# Percussive Muting On Electric Guitar



## Wings of Obsidian (Mar 5, 2013)

Hey guys, I was just seeing if anyone could help me dissect the idea of the percussive muting, clicks, scratches, etc. that you can hear done by John Browne of Monuments (for example), and by the guys from Vildhjarta.

(Not exactly using it in the context of "djent", but I would really like to know if any of you can offer me any advice or muting techniques for this. I know it has to do a bit with the placement of your picking hand.)


----------



## theo (Mar 5, 2013)

The way I do it is to palm mute, whilst lightly muting with my left hand fingers and just pick.
That may not be the correct way, But it gets the sound there for me.


----------



## Wings of Obsidian (Mar 5, 2013)

theo said:


> The way I do it is to palm mute, whilst lightly muting with my left hand fingers and just pick.
> That may not be the correct way, But it gets the sound there for me.



Not the answer I am looking for. There is a bit more to it.


----------



## theo (Mar 6, 2013)

Can you link me to a clip of what you are after? I might be confused in terms of what we're talking about here.


----------



## Winspear (Mar 6, 2013)

John Brownes technique is often using hammer ons. 
Find a spot with the left hand where you get no harmonics (clean dead note) with your index, and can hammer on to another dead note. I think he does this on fret 9 and 11 in that one song I forget the name of..
Now downpick and up pick the 9, then hammer on to the 11 dead note, so you get triplets where only the first two are picked and the last is a strike with the left hand.
Not only does it sound cooler, it's a lot easier than trying to pick triplets that fast 

With regards to the placement of your picking hand, just try what sounds best. You can move further toward the fretboard when fretting notes to make them more percussive.


----------



## Wings of Obsidian (Mar 6, 2013)

EtherealEntity said:


> John Brownes technique is often using hammer ons.
> Find a spot with the left hand where you get no harmonics (clean dead note) with your index, and can hammer on to another dead note. I think he does this on fret 9 and 11 in that one song I forget the name of..
> Now downpick and up pick the 9, then hammer on to the 11 dead note, so you get triplets where only the first two are picked and the last is a strike with the left hand.
> Not only does it sound cooler, it's a lot easier than trying to pick triplets that fast
> ...



Got'cha.
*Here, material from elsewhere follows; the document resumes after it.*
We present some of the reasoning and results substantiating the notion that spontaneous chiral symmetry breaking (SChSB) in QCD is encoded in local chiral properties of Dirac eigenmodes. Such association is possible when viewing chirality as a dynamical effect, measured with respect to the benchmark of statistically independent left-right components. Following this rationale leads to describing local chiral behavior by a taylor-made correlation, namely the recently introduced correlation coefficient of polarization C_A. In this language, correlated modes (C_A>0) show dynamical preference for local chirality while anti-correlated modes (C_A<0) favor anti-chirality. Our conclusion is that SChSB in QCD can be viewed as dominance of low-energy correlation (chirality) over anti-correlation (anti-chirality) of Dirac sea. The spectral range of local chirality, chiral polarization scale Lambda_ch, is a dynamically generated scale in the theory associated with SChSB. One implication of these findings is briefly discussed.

Attempting now. Mad props bro. 




theo said:


> Can you link me to a clip of what you are after? I might be confused in terms of what we're talking about here.





Different type of scratching:



(I think this might be what you were referring to EtherealEntity. ^^^)
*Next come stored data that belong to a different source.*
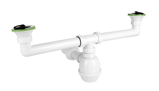 СИФОН ДЛЯ МОЙКИ НА 2 КОРЗИНЫ С АЛМАЗНОЙ ПРОБКОЙ
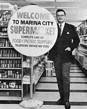 Marina City Finer Foods was located on the concourse level in space now occupied by Smith & Wollensky. It was open every day, selling meat, produce, groceries, baked goods, prepared foods, and sundries. There was a free delivery service – either to your apartment if you lived at Marina City or to your car if you worked there. (Left) Chalmer Herold, owner of Marina City’s grocery store. |
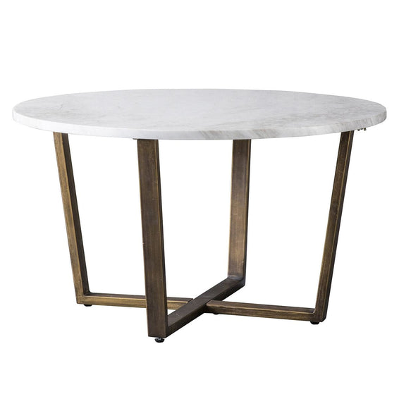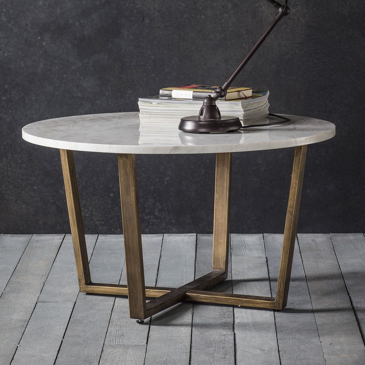 A contemporary round coffee table with a white volkas marble top featuring subtle natural tones in the grain and a brushed bronze angled metal base.

And then...I guess you got the Vildhjarta "click" which I think is just a really heavily muted "djent" chord. (With your hand moved away from the bridge, towards the fretboard.)


----------



## Nykur_Myrkvi (Mar 6, 2013)

I know it's mostly been answered but a really short answer and a video if those already posted aren't hitting the spot:

It's pretty much like slapping (left hand technique) but with a pick:



Emulate this with a pick and you got it.


----------



## celticelk (Mar 6, 2013)

It's a little off the path of what you were after, maybe, but Chris Buono's Funk Fission course on TrueFire is the most comprehensive and badass material on percussive playing that I've ever seen. Some of the sample vids are available on YouTube; full page for the course is Funk Guitar Lessons - Funk Fission - Chris Buono.


----------



## Wings of Obsidian (Mar 7, 2013)

celticelk said:


> It's a little off the path of what you were after, maybe, but Chris Buono's Funk Fission course on TrueFire is the most comprehensive and badass material on percussive playing that I've ever seen. Some of the sample vids are available on YouTube; full page for the course is Funk Guitar Lessons - Funk Fission - Chris Buono.



Ah yeah! Sweet!

I actually can see how this ties into the type of percussive muting I am looking at.

EDIT: I found some Vildhjarta playthroughs on Youtube. Watching and analyzing.


----------



## JosephAOI (Mar 8, 2013)

Why not just get lessons with Browne or facebook him and Daniel?


----------